Replies:   awnlee jawking
awnlee jawking

@BlacKnight

You can't be Vice President if you've already been President for more than a term and a half.


Is there a limit to the length of time someone can be VPOTUS?

AJ

Michael Loucks

@awnlee jawking

Is there a limit to the length of time someone can be VPOTUS?


Nothing in the Constitution prohibits serving as many terms of the office not worth a pitcher of 'warm spit' (you figure what was REALLY said) as he or she is willing to subject himself or herself to.

BlacKnight

@awnlee jawking

Is there a limit to the length of time someone can be VPOTUS?

Nope. So long as you haven't triggered the Presidential term limits, which requires having been elected as President at least once, you can keep being Vice President forever.

Though, as Vice President John Nance Garner put it, "the Vice Presidency isn't worth a pot of warm piss."

Dominions Son

@mimauk

1. How can you tell when a politician is lying?
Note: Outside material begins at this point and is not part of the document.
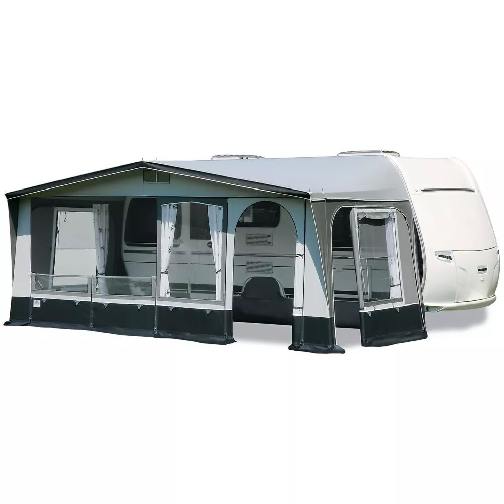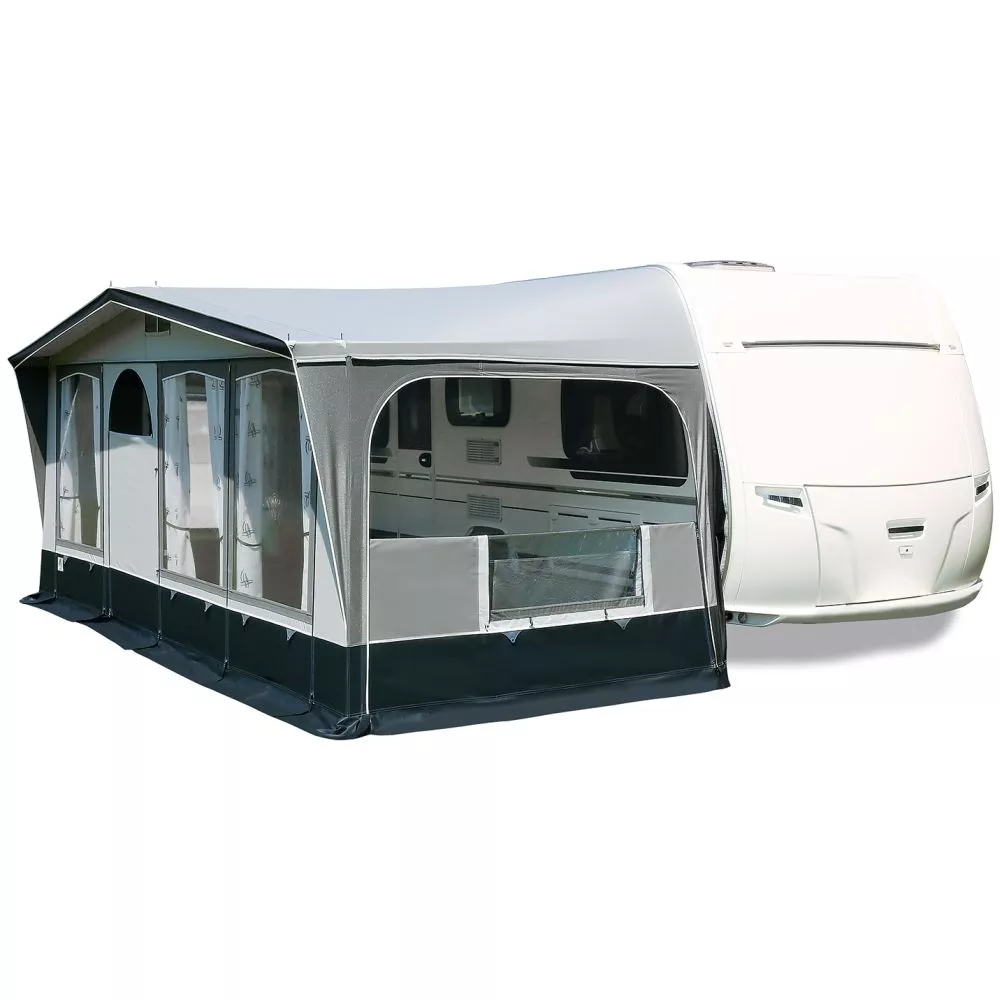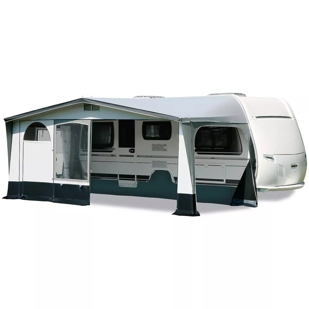 Dieses Caravanvorzelt ist bei Bedarf optional mit einem Vorzelt-Sonnendach erweiterbar. Damit schaffst du dir einen Schattenplatz und kannst deine Sitzgruppe ins Freie verlagern. Du benötigst weitere Schlafplätze oder Stauraum? Dann ist der als Zubehör erhältliche Erker bzw. Seitenanbau die Lösung.

Their mouths are open !!


I've never heard that one that way, it's always been "Their mouths are moving."

Replies:   awnlee jawking
awnlee jawking

@Dominions Son

The version I've heard most is 'Their lips are moving'.

UK politicians must be inordinately poor ventriloquists ;)

AJ

Replies:   sejintenej
mimauk

Their mouths being open also connects to a third saying about them being oxygen thieves.

sejintenej

@awnlee jawking

UK politicians must be inordinately poor ventriloquists ;)


AJ; is there any doubt about that?

As for term limits the idea of a two term limit is good - just look at recent politicians who have changed the law from two terms to more or even "for life" like Mugabe! 'nuff said?